The state Department of Environmental Protection on Thursday morning released a copy of its new seven-page consent order worked out between Freedom officials and the DEPs Division of Water and Waste Management. The deal is subject to a public comment period before final approval by DEP.

Under the agreement, the DEP would lift the terms of previous enforcement orders that would require Freedom Industries to cleanup and remove all contaminated soil and groundwater from its Etowah Terminal site, located just 1.5 miles upstream from the West Virginia American Water Company regional drinking water intake.

Freedom would then be eligible to apply for the DEPs Voluntary Remediation Program. If accepted into that program, the company could use a risk-based approach that Freedom officials hope reduce the amount of contamination they would have to dig up and remove from the site.

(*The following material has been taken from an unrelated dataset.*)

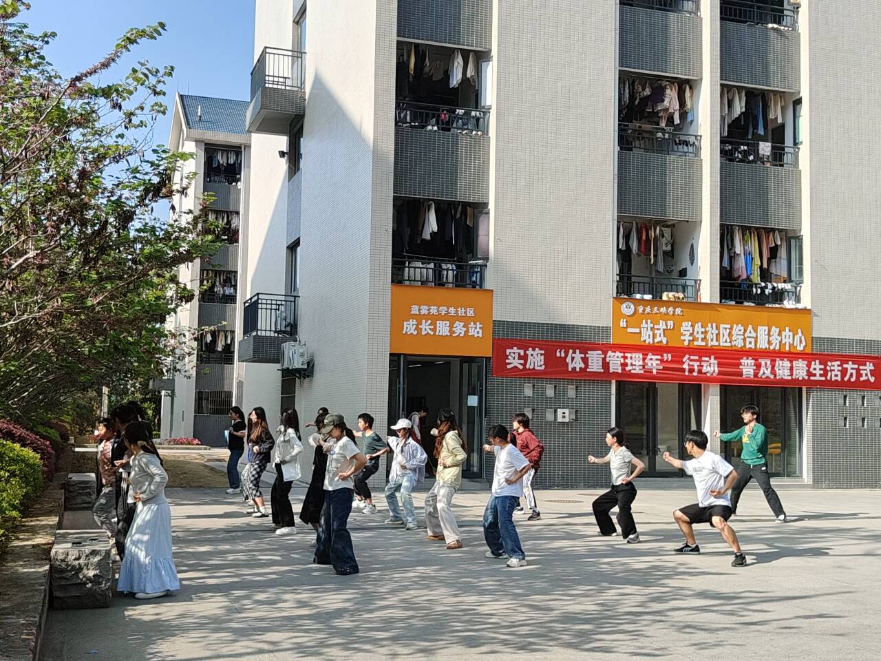 打通服务学生“最后一公里”,在学生社区开展学练太极拳、八段锦、健美操、心理健康操等丰富多彩的活动,举行积极情绪探索、人际沟通、恋爱指导、自信心培养等专题辅导。“温暖你的公寓时光”被重庆市社会心理学会评为特色活动项目,学校获评重庆高校公寓管理星级校园、全国高校学生公寓管理服务优秀案例。

In recent bankruptcy court filings, Freedom chief restructuring officer Mark Welch has touted the voluntary program route as effective and less expensive, saying that cleaning up the site to the point that no Crude MCHM -- the coal-cleaning chemical that spilled in January -- could be detected was not practical nor scientifically possible.

But DEP Secretary Randy Huffman said in an interview this week that even if Freedom gets into the voluntary program, the company will have to convince his agency that any risk-based cleanup standards would eliminate any risk that MCHM would ever again contaminate the drinking water supply for hundreds of thousands of people in Charleston and surrounding communities.

I havent backed down from my zero-risk obligation, Huffman said. How scientifically and from an engineering perspective they could get to that through the Voluntary Remediation Program, I dont know yet.

Complicating the issue for the DEP and Freedom is that, with little scientific research about MCHMs potential health effects, there are no established guidelines for proper cleanup of soil or groundwater.

At the end of the day, there can be no risk, Huffman said. We just cant have it. We cant have any risk. If they can figure out how to do that [in the voluntary program], it is something we would consider.

Freedom has been eying the voluntary cleanup program for months as a way to ease its costs and the time involved in remediating the Elk River chemical storage facility. But previous DEP enforcement orders, issued unilaterally by the agency in the days and weeks after the Jan. 9 spill would block the company from the program.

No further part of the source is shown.